A Yeoman Warder was approaching, making his rounds. “Good evening, Mr. Oldenburg. Mr. Waterhouse.”

“Evening, George. How’s the gout?”

“Better today, thank you, sir-the cataplasm seemed to work-where did you get the receipt from?” George then went into a rote exchange of code-words with another Beefeater on the roof of Salt Tower, then reversed direction, bade them good evening, and strolled away.

Daniel enjoyed the view until he was certain that the only creature that could overhear them was a spaniel-sized raven perched on a nearby battlement.

Half a mile upstream, the river was combed, and nearly dammed up, by a line of sloppy, boat-shaped, man-made islands, supporting a series of short and none too ambitious stone arches. The arches were joined, one to the next, by a roadway, made of wood in some places and of stone in others, and the roadway was mostly covered with buildings that sprayed in every direction, cantilevered far out over the water and kept from falling into it by makeshift diagonal braces. Far upstream, and far downstream, the river was placid and sluggish, but where it was forced between those starlings (as the man-made islands were called), it was all furious. The starlings themselves, and the banks of the Thames for miles downstream, were littered with wreckage of light boats that had failed in the attempt to shoot the rapids beneath London Bridge, and (once a week or so) with the corpses and personal effects of their passengers.

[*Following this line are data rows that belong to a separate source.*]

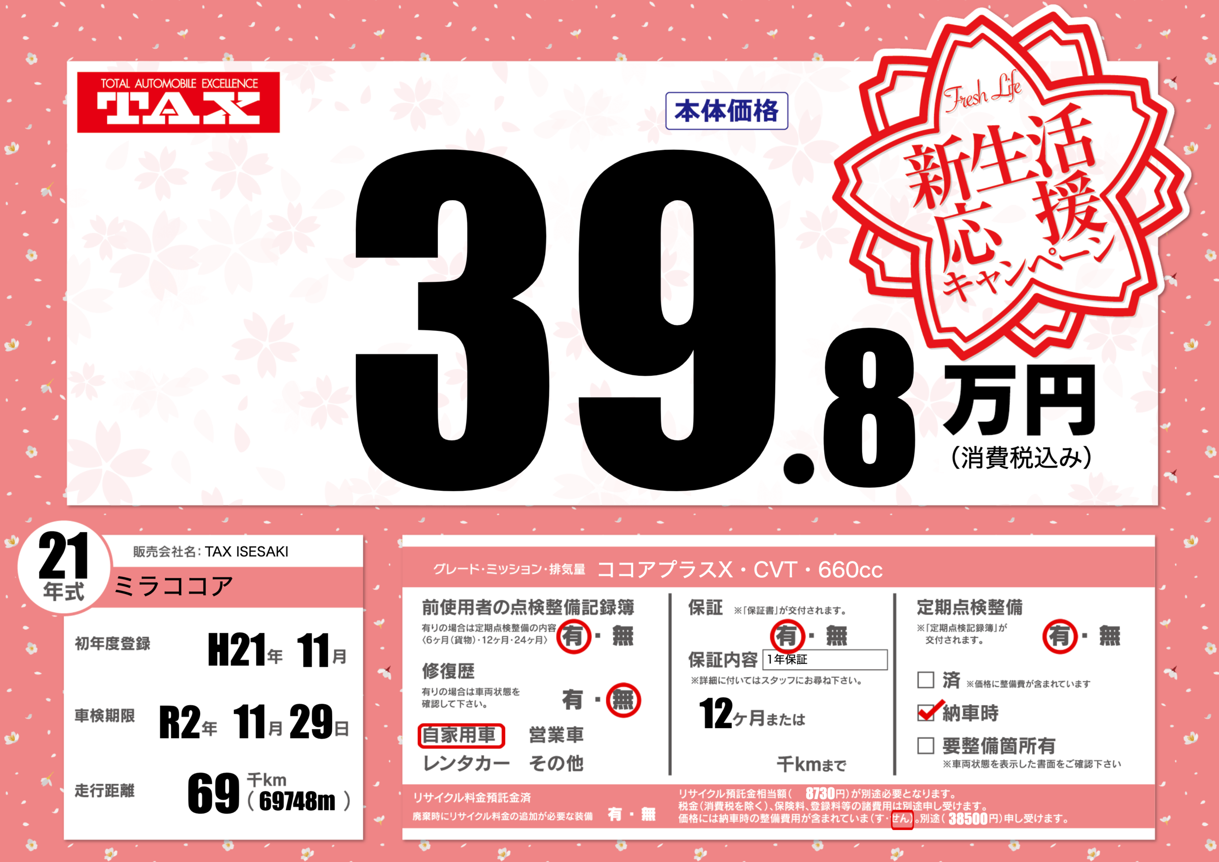 | 車名 | ミラココア | グレード ミッション 排気量 |
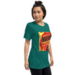 The tri-blend fabric creates a vintage, fitted look. And extreme durability makes this t-shirt withstand repeated washings and still remain super comfortable.
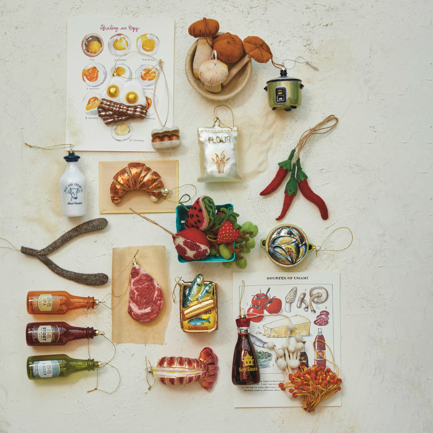 This ornament is a glass creation that epitomizes the beauty of a croissant, complete with a coppery glitter finish that catches the light and the eye. It measures 3.0 inches long, 2.0 inches wide, and 4.5 inches high, making it a substantial piece that will draw attention and admiration. The string attachment facilitates easy placement, allowing this charming piece to become a highlight of the holiday decorations or a year-round tribute to the artistry of baking. This is a perfect choice for anyone who loves whimsical and adorable holiday decor. A glass croissant ornament, shimmering with glitter and a lustrous copper finish, capturing the charm of a freshly baked French pastry. An ornament that exudes elegance, perfect for adding a touch of sophistication to any holiday decor ensemble. Perfect for those who appreciate the art of baking, this piece can elegantly grace a Christmas tree or a kitchen-themed display.
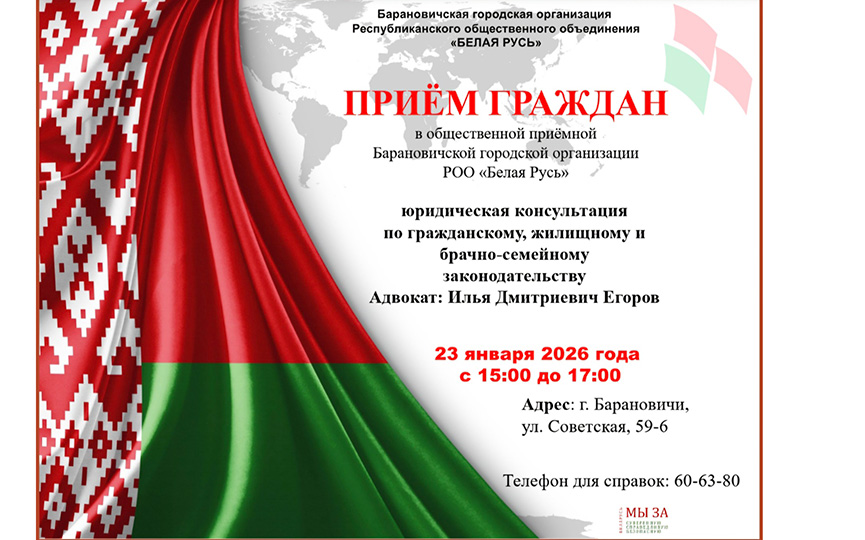 Консультацию юриста барановичане смогут получить в городской общественной организации «Белая Русь»

A few parts of the bridge had been kept free of buildings so that fires could not jump the river. In one of those gaps a burly woman stopped to fling a jar into the angry water below. Daniel could not see it from here, but he knew it would be painted with a childish rendering of a face: this a charm to ward off witch-spells. The water-wheels constructed in some of those arch-ways made gnashing and clanking noises that forced Waterhouse and Oldenburg, half a mile away, to raise their voices slightly, and put their heads closer together. Daniel supposed this was no accident-he suspected they were coming to a part of the conversation that Oldenburg would rather keep private from those sharp-eared Beefeaters.